The Rio de Janeiro antbird is 13 to 14 cm long. Adult males are mostly gray, with darker upperparts and paler underparts. They have a white patch between their scapulars, a hidden white patch under the scapulars, and white tips on their wing coverts. Their tail is blackish gray with narrow white tips on the feathers. Their wings have a brown tinge. Females have olive-brown upperparts with a whitish area around their eye, a minimal white interscapular patch, and a grayer rump. Their wings are darker than their back. Their tail is pale olivaceous brown. Their throat and underparts are bright ochraceous tawny.

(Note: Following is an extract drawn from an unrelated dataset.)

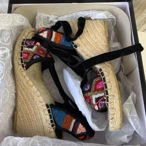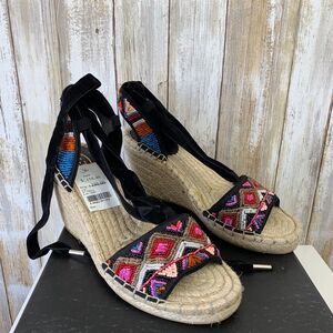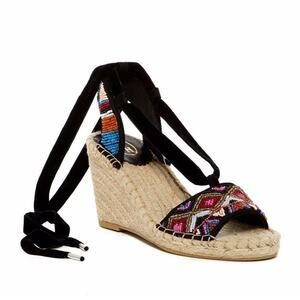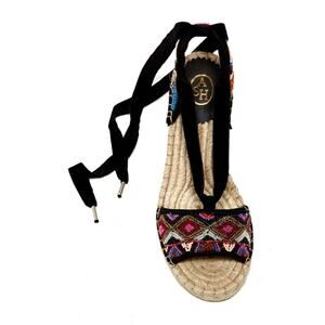 ASH Paola Espadrille Black Multi Beaded Lace Up Wedge Open Sandals Shoes 36 $198

==Distribution and habitat==

The Rio de Janeiro antbird is found in southeastern Brazil from southeastern Bahia south through eastern Minas Gerais and Espírito Santo into Rio de Janeiro state. It inhabits the dense understorey to mid-storey of secondary evergreen forest and particularly favors areas with abundant tangles of vines. In elevation it occurs from near sea level to about 950 m.

==Behavior==
===Movement===

The Rio de Janeiro antbird is believed to be a year-round resident throughout its range.

===Feeding===

The Rio de Janeiro antbird's diet has not been detailed but is known to be primarily insects; it probably also includes spiders. Individuals, pairs, and family groups usually forage between about 1 and 6 m above the ground. They hop through vine tangles and other dense vegetation and usually take prey by gleaning and lunging from a perch, and also with short flutter-flights. They occasionally briefly join mixed-species feeding flocks that pass through their territory but are not known to follow army ants.

===Breeding===

The Rio de Janeiro antbird's eggs are light brown covered with dark brown spots and flecks. Nothing else is known about the species' breeding biology.

===Vocalization===

The male Rio de Janeiro antbird's song is "2–4 rapidly delivered, abrupt, barely audible notes followed by [a] longer...harsh note". Females simultaneously sing irregularly repeated "notes sounding like 'cup' ". The species' calls include "a rapidly delivered series of short notes, first note more emphatic, and frequency-modulated versions of loudsong notes".

==Status==

The IUCN originally in 1988 assessed the Rio de Janeiro antbird as Threatened and since 2004 as Near Threatened. It has a limited range and its estimated population of between 10,000 and 20,000 mature individuals is believed to be decreasing. "Although presumably threatened by deforestation...this species's [sic] apparent tolerance of secondary habitats...may reduce the impact of habitat degradation and fragmentation, and where the species occurs it does appear to show resilience to forest fragmentation." It is patchily distributed and considered generally rare to uncommon though locally common.